Here's a small example. We'll set $k=8$ so that we can hash messages of up to $2^8-1=255$ bits. We note that the eight smallest primes are $p_1=2, p_2=3$, $p_3=5,\ldots p_8=19$. We'll also pick a "hard to factor" number $n=314159265358979323$ (note that it is not actually necessary to know the factors of $n$).
To hash the 60-bit number $x$ 100110000111101011110010110011111110010111101110000110010100 we divide it into blocks of eight bits: 10011000 01111010 11110010 11001111 11100101 11101110 00011001 0100; pad the last block with zeros: 10011000 01111010 11110010 11001111 11100101 11101110 00011001 01000000 and add a final block representing the length: 10011000 01111010 11110010 11001111 11100101 11101110 00011001 01000000 00111100.
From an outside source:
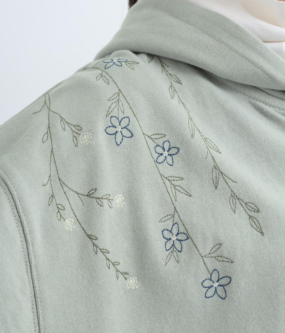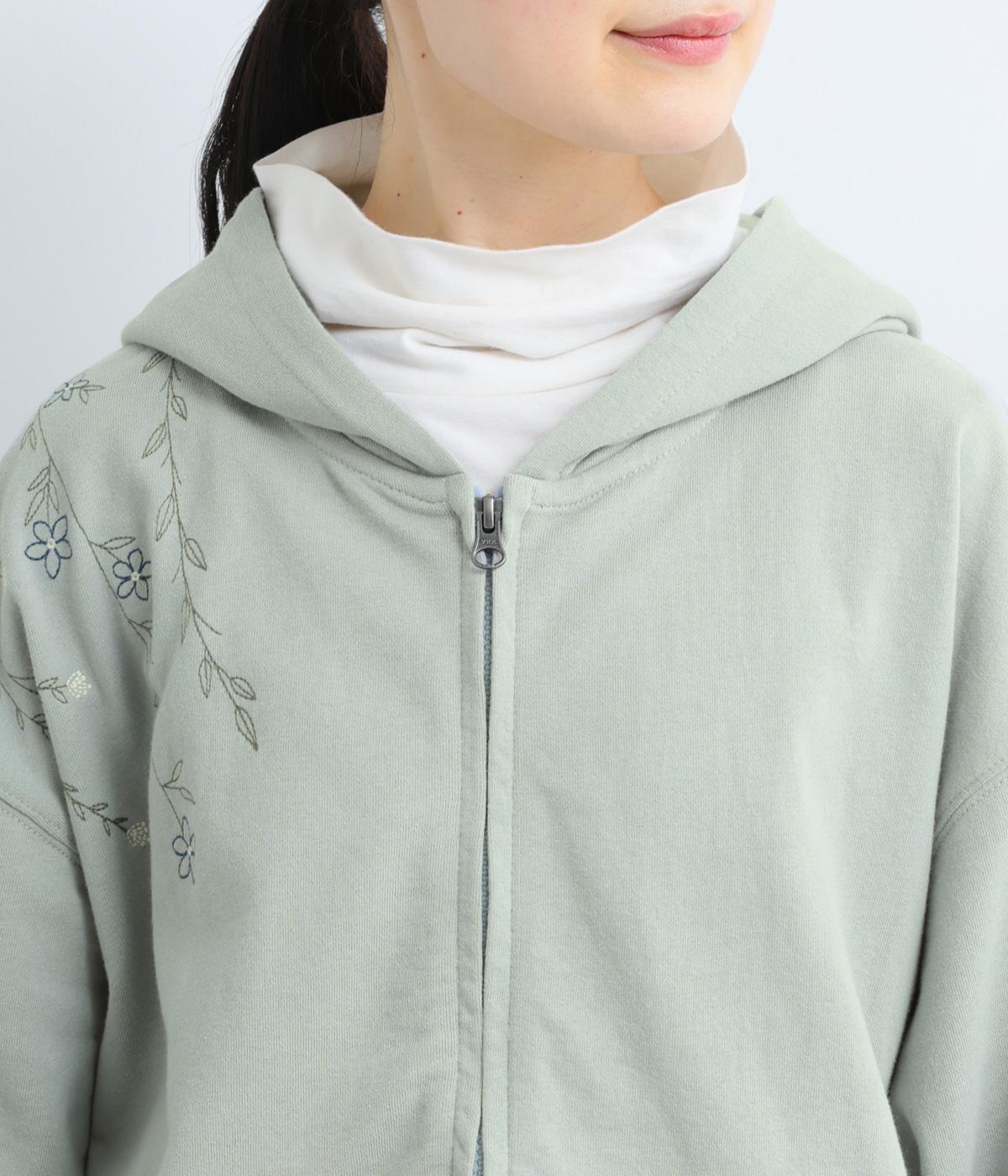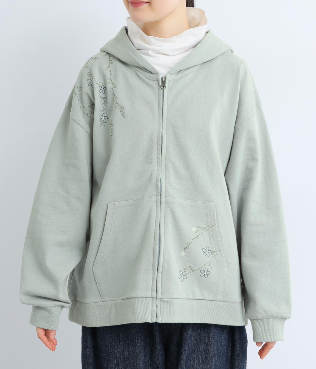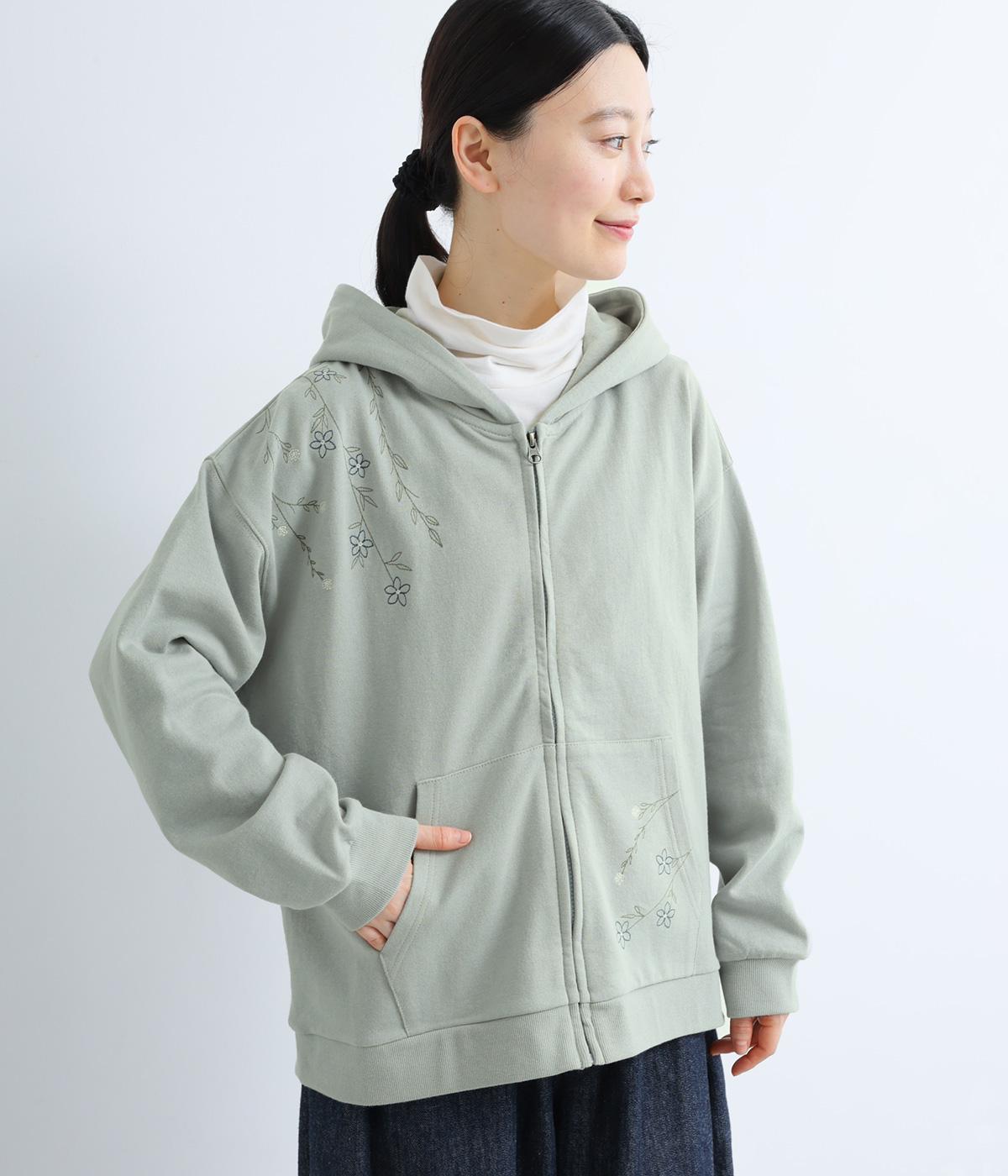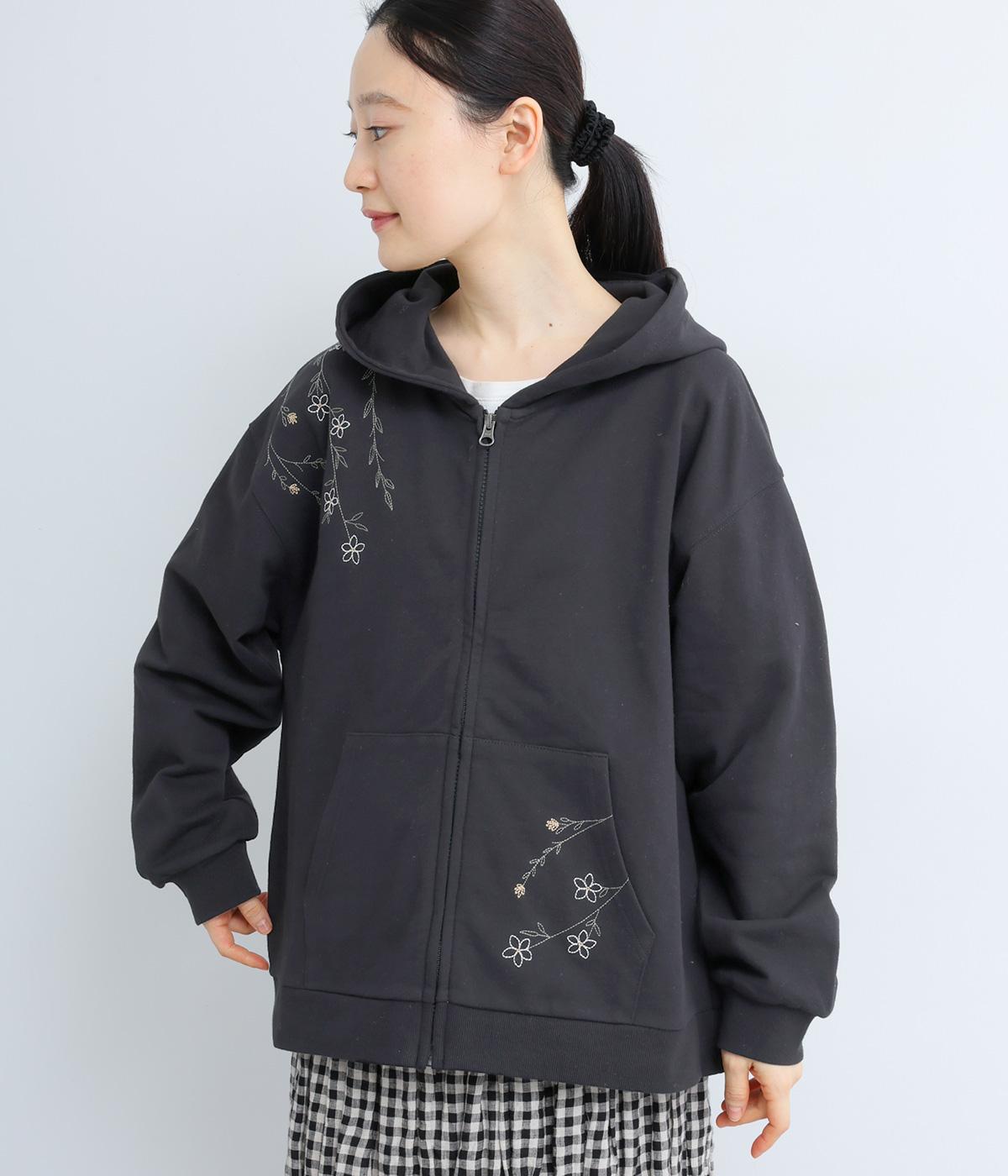 右肩と左裾に、下に流れるような草花刺しゅうをあしらった裏毛パーカー。カジュアルな中にほんのりと女性らしさを添えてくれます。全体にゆとりのあるシルエットがこなれ感を演出。フロントはファスナー仕様でさっと着脱しやすいのもポイントです。

The VSH of $x$ is $p_1^{e_1}\cdots p_8^{e_8}\mod n$ where the $e_i$ is constructed by taking the $i$th least significant bit of each block and concatenating. Thus $e_1$ is the leftmost bits of each block $000110100=52$, similarly for $e_2$ we have $011101000=232$, $e_3=57$,
$e_4=429$, $e_5=453$, $e_6=217$, $e_7=250$ and $e_8=376$ and so
$$VSH(x)=2^{52}3^{232}5^{57}7^{429}11^{453}13^{217}17^{250}19^{376}\mod n$$
$$= 200591979525226314$$
Computation of the hash can be made ore efficient and pipelined by what is effectively a use of Shamir's trick. To do this we start with an initial value 1 mod $n$, then use each block to determine a subset of small primes to multiply our value but, followed by a square of our value. Thus we start $x_0=1$, our first block is 10011000 which selects the primes $p_8, p_5, p_4=19,11,7$ and compute
$$x_1=x_0^2\times(7\times 11\times 19)\mod n=1463$$
the next block is 01111010 which selects the primes 3,7,11,13,17 so that
$$x_2=x_1^2\times(3\times7\times11\times13\times 17)\mod n=109267977819$$
followed by
$$x_3=x_2^2\times(3\times11\times13\times17\times19)\mod n=25314401756605599$$
and
$$x_4=251897391984383465$$
$$x_5=259626239061055217$$
$$x_6=190834175947594433$$
$$x_7=249101195160685902$$
$$x_8=78295427833839690$$
$$x_9=200591979525226314$$
and so on, eventually getting the same answer as above for $x_9$.